De schadelast van de overstromingen van midden juli voor de verzekeringssector loopt op tot 2,16 miljard euro. Bij een vorige schatting was sprake van 1,6 miljard euro. Wallonië is het hardst getroffen met meer dan 62.400 schadedossiers.
De overstromingen van 14 tot 16 juli troffen vooral de regio Luik en de vallei van de Vesder. Dat blijkt uit een lijst van de meest getroffen gemeenten die Assuralia, de federatie van de verzekeringssector, vandaag publiceerde. De schadelast is het grootst in Luik (209 miljoen) en Verviers (142 miljoen). Daarna volgen de gemeenten Trooz, Chaudfontaine, Pépinster, Esneux, Eupen, Limbourg en Theux.
Van de 71.746 ingediende schadedossiers situeren er zich 62.404 in Wallonië. Het gaat vooral om woningen en handelszaken. De totale verzekerde schade loopt intussen op tot 2,16 miljard euro, waarvan 2,07 miljard in Wallonië. Dat cijfer kan nog stijgen naarmate de expertises nauwkeuriger ramingen opleveren, waarschuwt Hein Lannoy, de CEO van Assuralia. De totale schadelast van de overstromingen, inclusief de niet-verzekerde schade bij particulieren en de schade aan infrastructuur, schatte het Waals Gewest eerder op 3 tot 4 miljard euro.
Tot nu toe had Assuralia het cijfer van 1,6 miljard euro naar voren geschoven als schatting van de verzekerde schade in Wallonië. Van dat bedrag zal de sector meer dan 600 miljoen uitkeren, het dubbele van het wettelijk voorziene plafond. Het Waals Gewest neemt 1 miljard euro voor zijn rekening en kan daarvoor rekenen op een lening toegekend door de verzekeraars.
Lees verder onder de video
Dat akkoord tussen de verzekeraars en het Waals Gewest voorziet in een verzekerd plafond van 1,7 miljard euro. Dat volstaat voorlopig om iedereen te vergoeden.

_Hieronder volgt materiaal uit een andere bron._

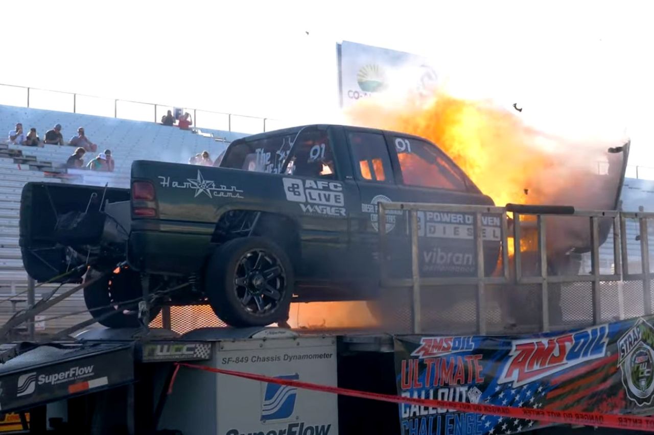 Cuando un motor se lleva al extremo, comprometiendo su integridad estructural, pueden ocurrir cosas como las del siguiente vídeo. En el clip más abajo verás como el motor Dodge Cummins de 2.700 CV de esta pick-up explota en el banco de potencia durante una prueba. Aunque, en realidad, fue la segunda vez en un mismo fin de semana en la que la mecánica de esta camioneta saltó por los aires.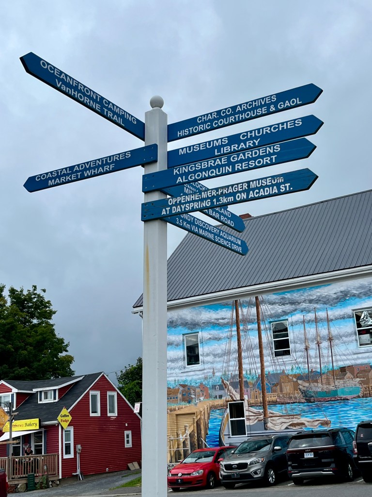 After realizing we didn’t have enough time to enjoy a coastal drive around Cape Breton, we thought a night in a hotel in Halifax might be a nice change of pace, along with another ferry trip back to New Brunswick. To make a long story a lot shorter, that didn’t work out. We made a ‘non-refundable’ reservation at the Marriott Harbourfront, only to discover that our van couldn’t fit in their parking garage and the parking lot they sent us to, blocks away, was closed. It took a little pleading at the front desk to cancel the reservation. And there was no room for us on the ferry, either. Oh, well.

Ondanks de nieuwe schaderaming wordt dat plafond niet overschreden, legt Lannoy uit, omdat de overeenkomst enkel slaat op de ‘eenvoudige risico’s’ (de schade aan woningen en handelszaken), en niet de schade aan auto’s, ondernemingen of openbare instellingen.

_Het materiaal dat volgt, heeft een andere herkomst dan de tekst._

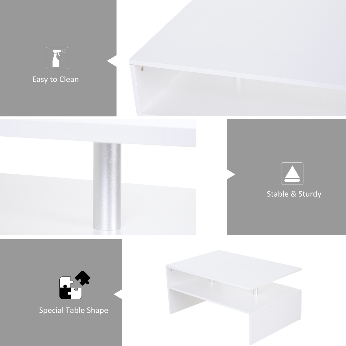 2-Tier Coffee Table Side/End Table Modern Rectangular Design White

Anticiperen op nieuwe rampen
Assuralia drong tijdens de persconferentie aan op een publiek-private samenwerking, om te anticiperen op toekomstige rampen van deze omvang. “Er moet een duidelijk juridisch kader komen, waarin zowel de verzekeraars als de overheden hun verantwoordelijkheid nemen”, zei Hilde Vernaillen, de voorzitter van Assuralia. “In het belang van de slachtoffers moet iedereen weten waar hij aan toe is.”
Ze beklemtoonde dat een dergelijk partnership voor de verzekeringssector essentieel is. “Zodat wij precies de premies kunnen berekenen en beslissen in welke mate we ons herverzekeren. Zonder kader dreigen fors hogere premies voor brandverzekeringen. Het is in ieders belang dat we deze risico’s betaalbaar houden.”
In die zin betreurt Assuralia het mislukken van het overleg rond het probleem van de droogte die scheuren en barsten in woningen veroorzaakt. “De interpretatieve wet creëert meer vragen dan duurzame oplossingen”, vindt Lannoy. “Ook voor de slachtoffers is dat geen goede zaak. We dreigen in een situatie terecht te komen waarin de gevolgschade gerepareerd wordt maar de oorzaak van het probleem, de niet-adequate fundering in bepaalde regio’s, niet aangepakt wordt.”